In the entries below, find the line containing "材料:半只土鸡,洋葱,香菜根,大蒜粒,沙姜粒,4勺生抽,半勺白糖。" and the line containing "이용권관리>결제방법 변경/관리> 결제관리". Copy those two lines and everything between them exactly, and only that.

+++ EXCERPTED DATA

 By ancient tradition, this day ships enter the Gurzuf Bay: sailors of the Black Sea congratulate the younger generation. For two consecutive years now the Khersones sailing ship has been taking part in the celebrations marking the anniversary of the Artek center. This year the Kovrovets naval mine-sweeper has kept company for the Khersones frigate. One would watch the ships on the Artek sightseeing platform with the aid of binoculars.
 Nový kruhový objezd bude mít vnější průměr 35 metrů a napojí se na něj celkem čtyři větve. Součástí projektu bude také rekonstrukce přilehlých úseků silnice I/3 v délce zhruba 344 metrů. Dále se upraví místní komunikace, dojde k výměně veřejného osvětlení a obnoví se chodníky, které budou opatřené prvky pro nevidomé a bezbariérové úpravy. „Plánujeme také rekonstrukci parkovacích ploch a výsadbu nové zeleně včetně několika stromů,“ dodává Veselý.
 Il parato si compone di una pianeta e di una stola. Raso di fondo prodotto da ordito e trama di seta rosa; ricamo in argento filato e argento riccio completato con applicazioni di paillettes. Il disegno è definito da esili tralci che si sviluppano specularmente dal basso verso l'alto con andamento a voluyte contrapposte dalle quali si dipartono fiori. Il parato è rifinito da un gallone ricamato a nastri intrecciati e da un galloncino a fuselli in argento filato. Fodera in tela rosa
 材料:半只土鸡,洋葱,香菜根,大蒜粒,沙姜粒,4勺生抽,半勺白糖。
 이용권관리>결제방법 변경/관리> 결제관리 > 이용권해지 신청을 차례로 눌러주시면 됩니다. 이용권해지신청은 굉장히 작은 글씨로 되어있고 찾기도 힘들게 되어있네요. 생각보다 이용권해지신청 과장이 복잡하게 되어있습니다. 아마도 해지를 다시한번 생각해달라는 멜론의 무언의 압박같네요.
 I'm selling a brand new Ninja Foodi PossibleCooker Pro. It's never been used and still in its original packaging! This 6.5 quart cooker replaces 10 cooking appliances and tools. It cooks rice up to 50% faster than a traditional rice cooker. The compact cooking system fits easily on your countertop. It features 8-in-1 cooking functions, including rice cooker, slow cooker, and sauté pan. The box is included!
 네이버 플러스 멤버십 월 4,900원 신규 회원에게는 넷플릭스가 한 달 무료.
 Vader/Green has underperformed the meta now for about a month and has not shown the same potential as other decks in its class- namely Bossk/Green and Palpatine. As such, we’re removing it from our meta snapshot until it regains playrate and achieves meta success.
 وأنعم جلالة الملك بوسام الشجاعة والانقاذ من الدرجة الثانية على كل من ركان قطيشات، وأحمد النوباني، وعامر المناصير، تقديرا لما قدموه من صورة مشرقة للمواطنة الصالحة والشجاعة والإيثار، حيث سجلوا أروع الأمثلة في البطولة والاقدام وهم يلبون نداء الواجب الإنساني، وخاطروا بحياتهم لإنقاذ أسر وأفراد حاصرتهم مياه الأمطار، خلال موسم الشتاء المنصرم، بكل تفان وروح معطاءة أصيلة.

++++++

ANSWER TO THE PROBLEM
 材料:半只土鸡,洋葱,香菜根,大蒜粒,沙姜粒,4勺生抽,半勺白糖。
 이용권관리>결제방법 변경/관리> 결제관리 > 이용권해지 신청을 차례로 눌러주시면 됩니다. 이용권해지신청은 굉장히 작은 글씨로 되어있고 찾기도 힘들게 되어있네요. 생각보다 이용권해지신청 과장이 복잡하게 되어있습니다. 아마도 해지를 다시한번 생각해달라는 멜론의 무언의 압박같네요.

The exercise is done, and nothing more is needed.